§ Exercise prompt
Restate every record exactly as it is written, while omitting the pictures it holds.

§ Records shown
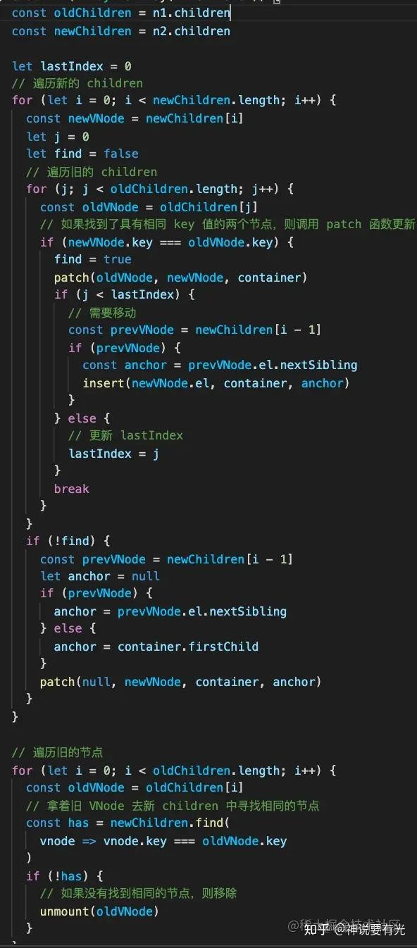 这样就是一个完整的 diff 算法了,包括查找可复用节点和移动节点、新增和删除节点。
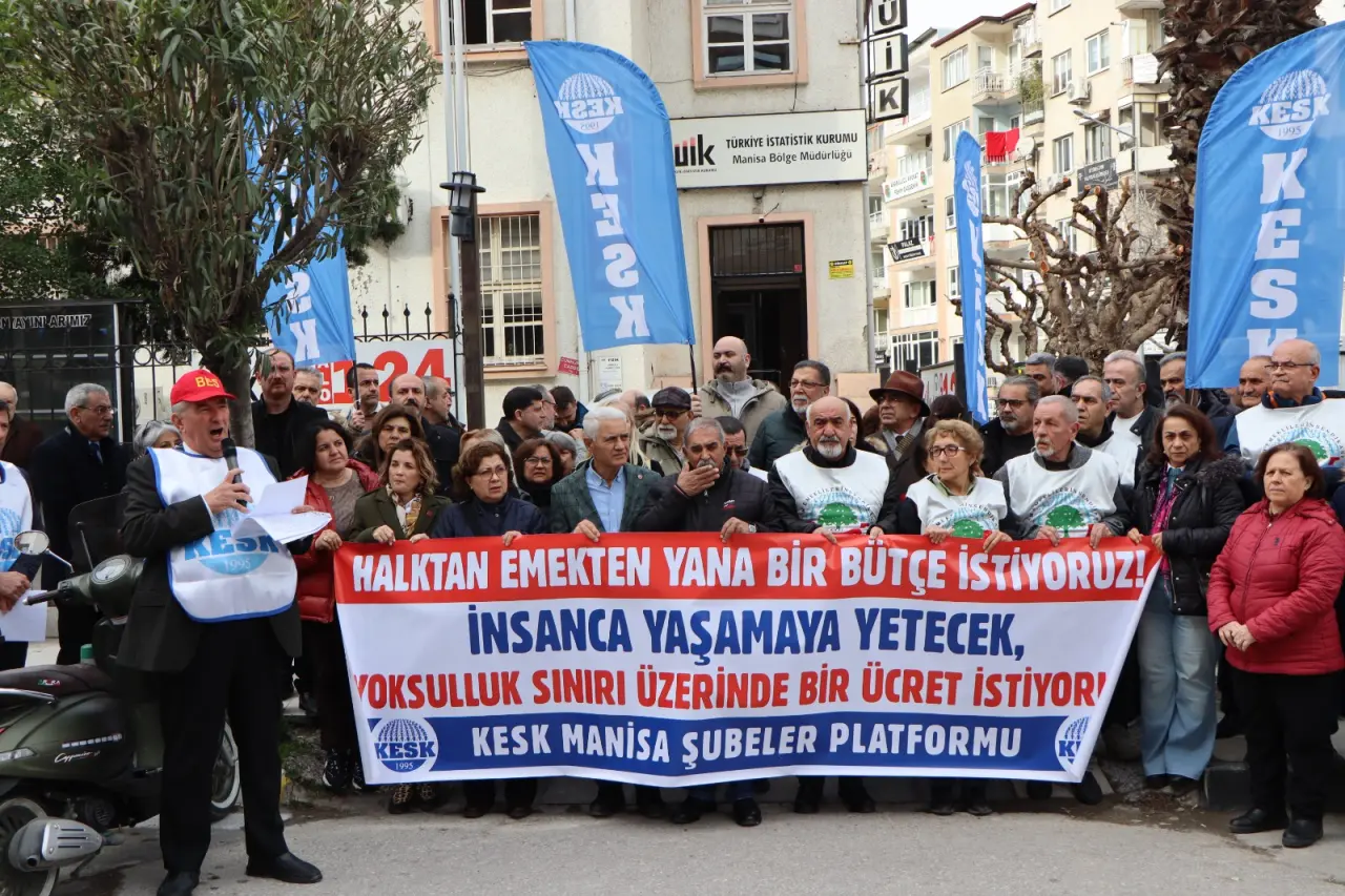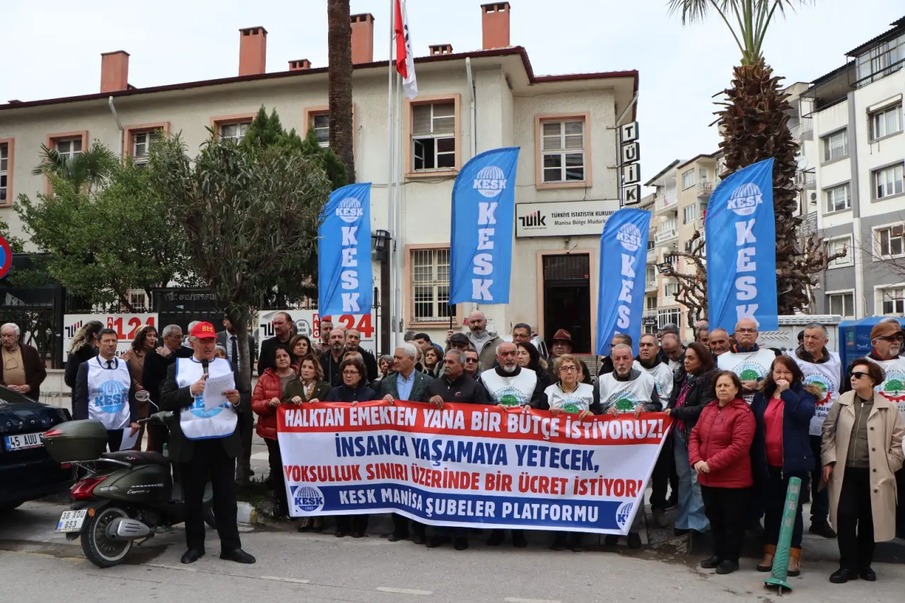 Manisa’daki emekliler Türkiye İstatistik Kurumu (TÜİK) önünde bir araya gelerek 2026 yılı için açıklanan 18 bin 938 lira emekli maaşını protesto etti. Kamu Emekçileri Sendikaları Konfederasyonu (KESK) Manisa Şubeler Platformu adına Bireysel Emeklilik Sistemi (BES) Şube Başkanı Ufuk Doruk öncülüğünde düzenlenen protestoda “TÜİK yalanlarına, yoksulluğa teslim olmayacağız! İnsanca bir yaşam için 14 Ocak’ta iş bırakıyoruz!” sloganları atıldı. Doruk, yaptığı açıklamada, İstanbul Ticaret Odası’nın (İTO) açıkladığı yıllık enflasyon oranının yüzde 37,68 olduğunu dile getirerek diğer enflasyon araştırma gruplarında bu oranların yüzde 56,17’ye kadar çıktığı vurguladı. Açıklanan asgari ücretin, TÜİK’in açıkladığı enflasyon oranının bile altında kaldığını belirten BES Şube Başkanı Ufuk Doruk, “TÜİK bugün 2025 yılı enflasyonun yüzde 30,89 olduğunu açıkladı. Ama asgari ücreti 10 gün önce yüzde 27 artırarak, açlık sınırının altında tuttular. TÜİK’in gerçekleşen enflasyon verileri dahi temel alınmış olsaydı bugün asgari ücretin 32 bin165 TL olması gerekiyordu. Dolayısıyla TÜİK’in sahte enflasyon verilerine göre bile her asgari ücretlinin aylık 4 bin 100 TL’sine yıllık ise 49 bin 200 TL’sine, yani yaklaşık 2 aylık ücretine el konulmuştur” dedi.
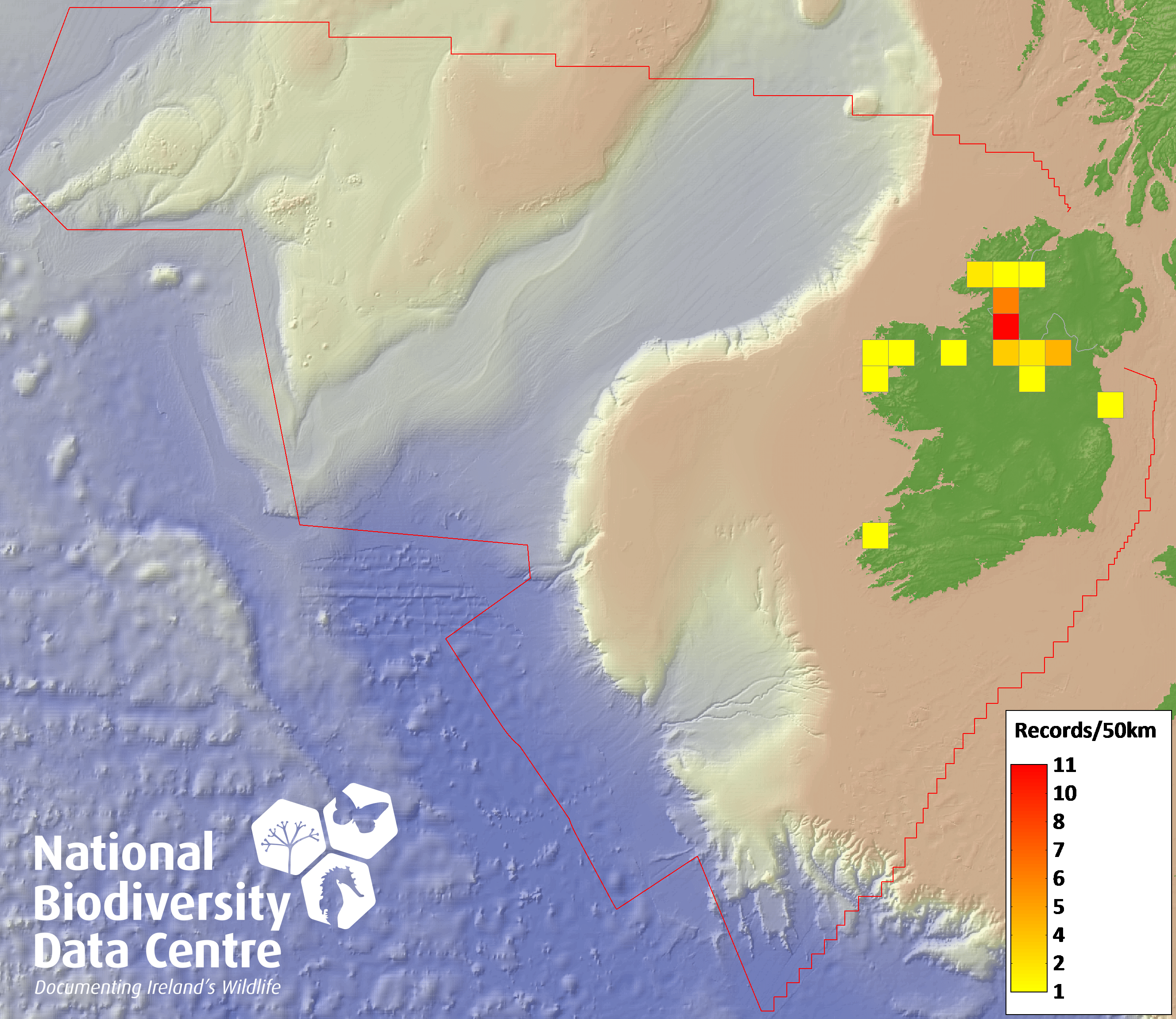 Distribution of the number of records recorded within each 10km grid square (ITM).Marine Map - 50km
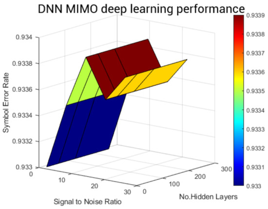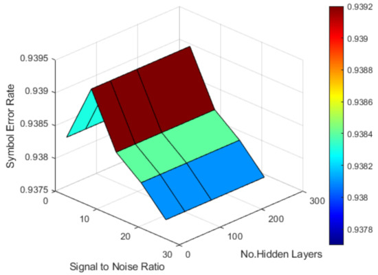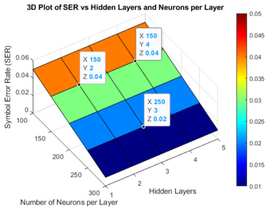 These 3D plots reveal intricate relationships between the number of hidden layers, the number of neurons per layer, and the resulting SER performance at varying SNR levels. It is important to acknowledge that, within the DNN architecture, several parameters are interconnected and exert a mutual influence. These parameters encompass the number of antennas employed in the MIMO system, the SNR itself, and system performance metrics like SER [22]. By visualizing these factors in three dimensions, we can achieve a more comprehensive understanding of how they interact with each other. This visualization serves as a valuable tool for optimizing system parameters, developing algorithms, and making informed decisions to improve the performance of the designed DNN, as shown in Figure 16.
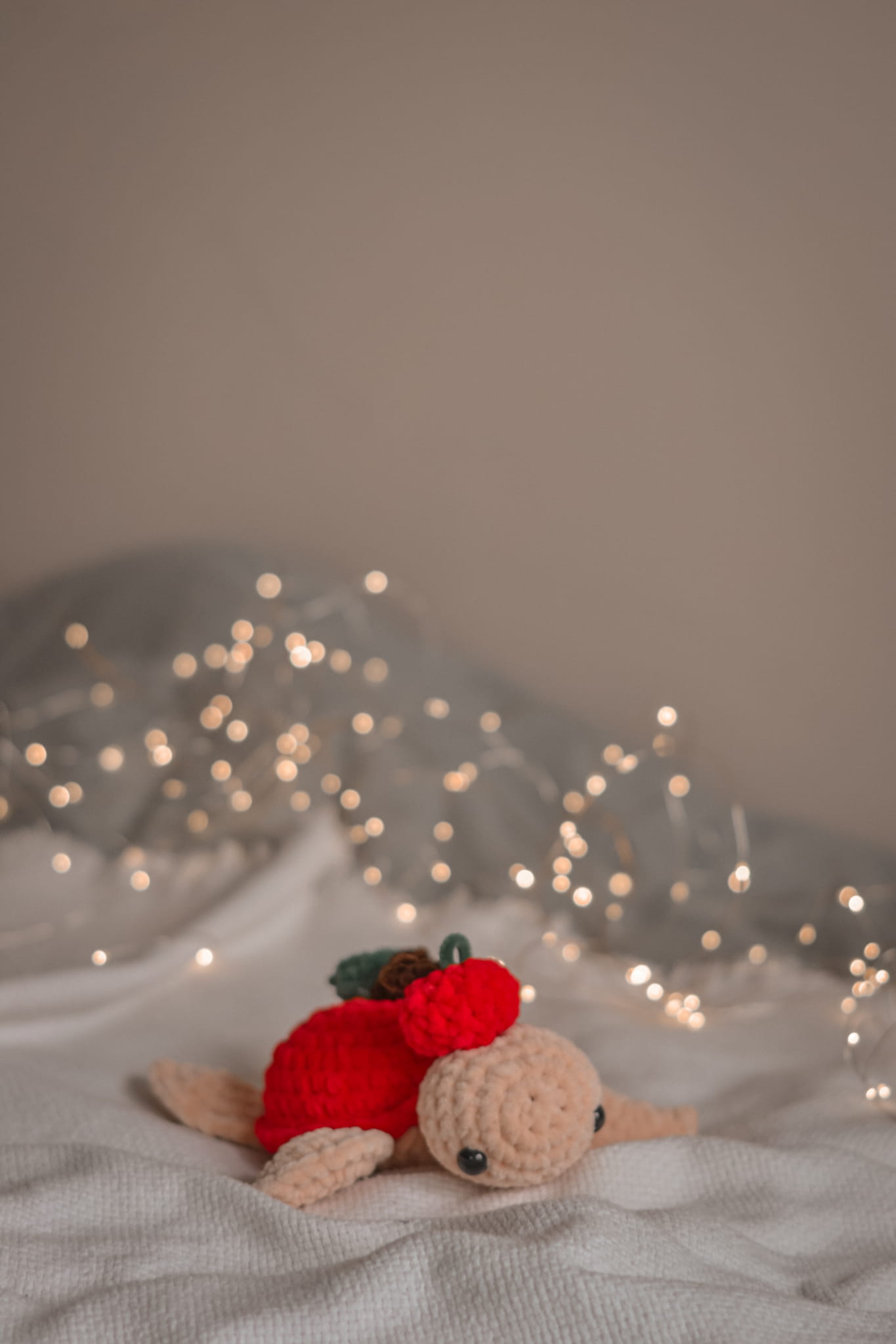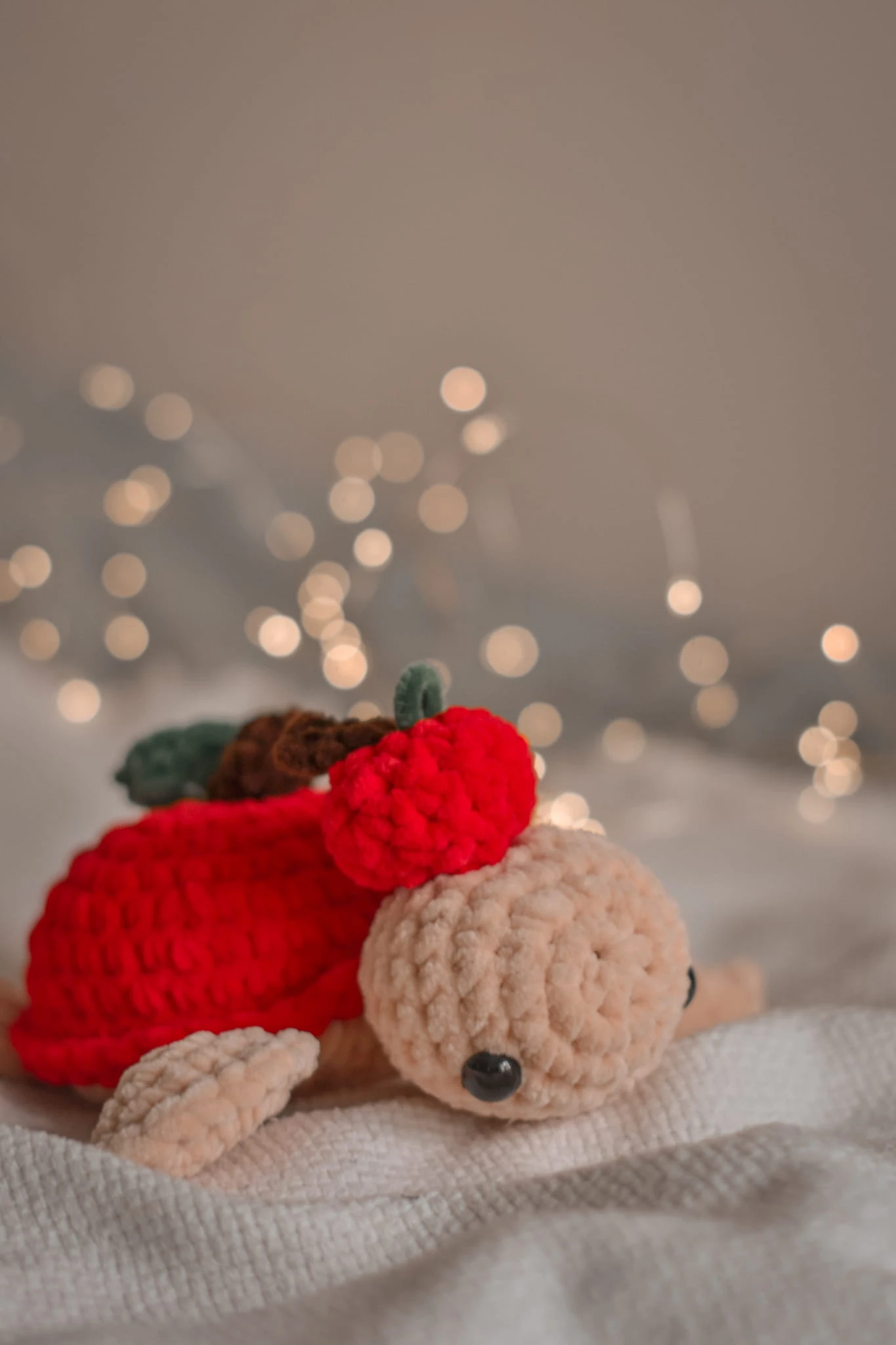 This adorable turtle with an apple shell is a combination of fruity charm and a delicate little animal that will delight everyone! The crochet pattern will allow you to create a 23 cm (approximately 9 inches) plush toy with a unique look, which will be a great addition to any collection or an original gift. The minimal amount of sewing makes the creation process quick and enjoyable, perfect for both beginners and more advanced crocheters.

§ Solution to this problem
 这样就是一个完整的 diff 算法了,包括查找可复用节点和移动节点、新增和删除节点。
 Manisa’daki emekliler Türkiye İstatistik Kurumu (TÜİK) önünde bir araya gelerek 2026 yılı için açıklanan 18 bin 938 lira emekli maaşını protesto etti. Kamu Emekçileri Sendikaları Konfederasyonu (KESK) Manisa Şubeler Platformu adına Bireysel Emeklilik Sistemi (BES) Şube Başkanı Ufuk Doruk öncülüğünde düzenlenen protestoda “TÜİK yalanlarına, yoksulluğa teslim olmayacağız! İnsanca bir yaşam için 14 Ocak’ta iş bırakıyoruz!” sloganları atıldı. Doruk, yaptığı açıklamada, İstanbul Ticaret Odası’nın (İTO) açıkladığı yıllık enflasyon oranının yüzde 37,68 olduğunu dile getirerek diğer enflasyon araştırma gruplarında bu oranların yüzde 56,17’ye kadar çıktığı vurguladı. Açıklanan asgari ücretin, TÜİK’in açıkladığı enflasyon oranının bile altında kaldığını belirten BES Şube Başkanı Ufuk Doruk, “TÜİK bugün 2025 yılı enflasyonun yüzde 30,89 olduğunu açıkladı. Ama asgari ücreti 10 gün önce yüzde 27 artırarak, açlık sınırının altında tuttular. TÜİK’in gerçekleşen enflasyon verileri dahi temel alınmış olsaydı bugün asgari ücretin 32 bin165 TL olması gerekiyordu. Dolayısıyla TÜİK’in sahte enflasyon verilerine göre bile her asgari ücretlinin aylık 4 bin 100 TL’sine yıllık ise 49 bin 200 TL’sine, yani yaklaşık 2 aylık ücretine el konulmuştur” dedi.
 Distribution of the number of records recorded within each 10km grid square (ITM).Marine Map - 50km
 These 3D plots reveal intricate relationships between the number of hidden layers, the number of neurons per layer, and the resulting SER performance at varying SNR levels. It is important to acknowledge that, within the DNN architecture, several parameters are interconnected and exert a mutual influence. These parameters encompass the number of antennas employed in the MIMO system, the SNR itself, and system performance metrics like SER [22]. By visualizing these factors in three dimensions, we can achieve a more comprehensive understanding of how they interact with each other. This visualization serves as a valuable tool for optimizing system parameters, developing algorithms, and making informed decisions to improve the performance of the designed DNN, as shown in Figure 16.
 This adorable turtle with an apple shell is a combination of fruity charm and a delicate little animal that will delight everyone! The crochet pattern will allow you to create a 23 cm (approximately 9 inches) plush toy with a unique look, which will be a great addition to any collection or an original gift. The minimal amount of sewing makes the creation process quick and enjoyable, perfect for both beginners and more advanced crocheters.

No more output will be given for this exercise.